Here are a couple more, regarding the infamous Adobe Flashplayer:

    https://hackerone.com/reports/30567
    https://hackerone.com/reports/36279

Not convinced?  Let's not stop there; let's look specifically at
what has happened with JPEG in the past, such as:

    http://download.oracle.com/sunalerts/1000310.1.html
    http://www.theregister.co.uk/2004/09/24/jpeg_exploit_toolkit/

You need to think not just about your own code, but also about the
overall environment in which it will operate.

June 18, 2016
On Saturday, 18 June 2016 at 19:52:20 UTC, Observer wrote:
> Not convinced?

no. i believe that it's all strongly overrated. don't run software with full access to your system, don't feed it with untrusted data, use sandboxes and such, etc. this is the way to go, not adding endless checks for all possible corner cases.
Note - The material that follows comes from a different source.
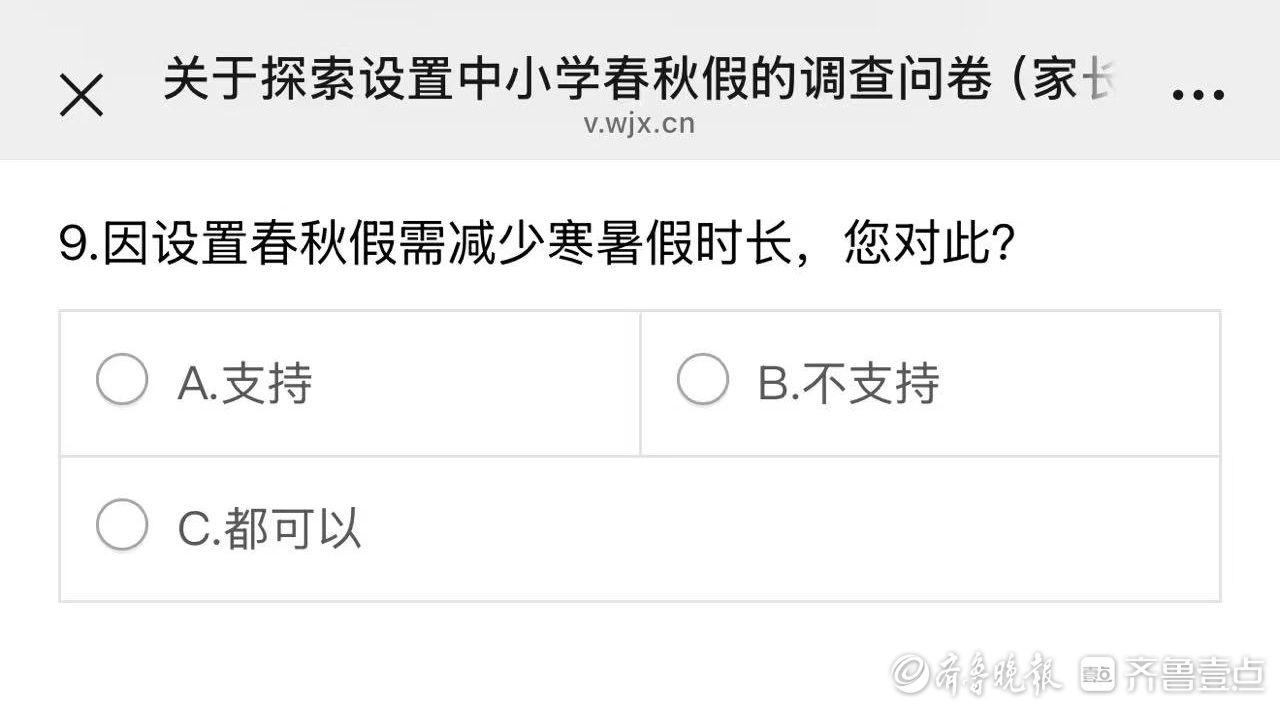最值得关注的是,问卷直面了政策实施的最大“代价”——在第九题中明确向家长告知:“因设置春秋假需减少寒暑假时长,您对此是否支持?”这一问题的设置,清晰地表明未来的假期调整将是一个“总量不变、结构优化”的方案。

still, anyone is free to undo that: just replace all `\.ptr\b` with empty string -- and voila! all the bounds checking (and mind you, there is little, as many arrays are just malloc'ed anyway) is back. it's way easier to do than to put `.ptr` into vanilla code.

for my use cases `.ptr` access is ok: i prefer to leave bounds checking on for all builds, and manually escape it in the code when i feel that it is necessary.

in other words: i believe that validating data and loading/processing data should be separated. first validate all your jpegs with some tool, then use loaders to actually load and process 'em.
June 19, 2016
On Saturday, 18 June 2016 at 19:52:20 UTC, Observer wrote:
> in the context of image decoding, you're often handling untrusted data from external sources

Not always though. The main case I'd use a little single-file thing is for files that I created and packaged with the application myself, but wanted to be small for distribution. If I wanted my program to do something naughty, I wrote it, I'd just make it do something naughty!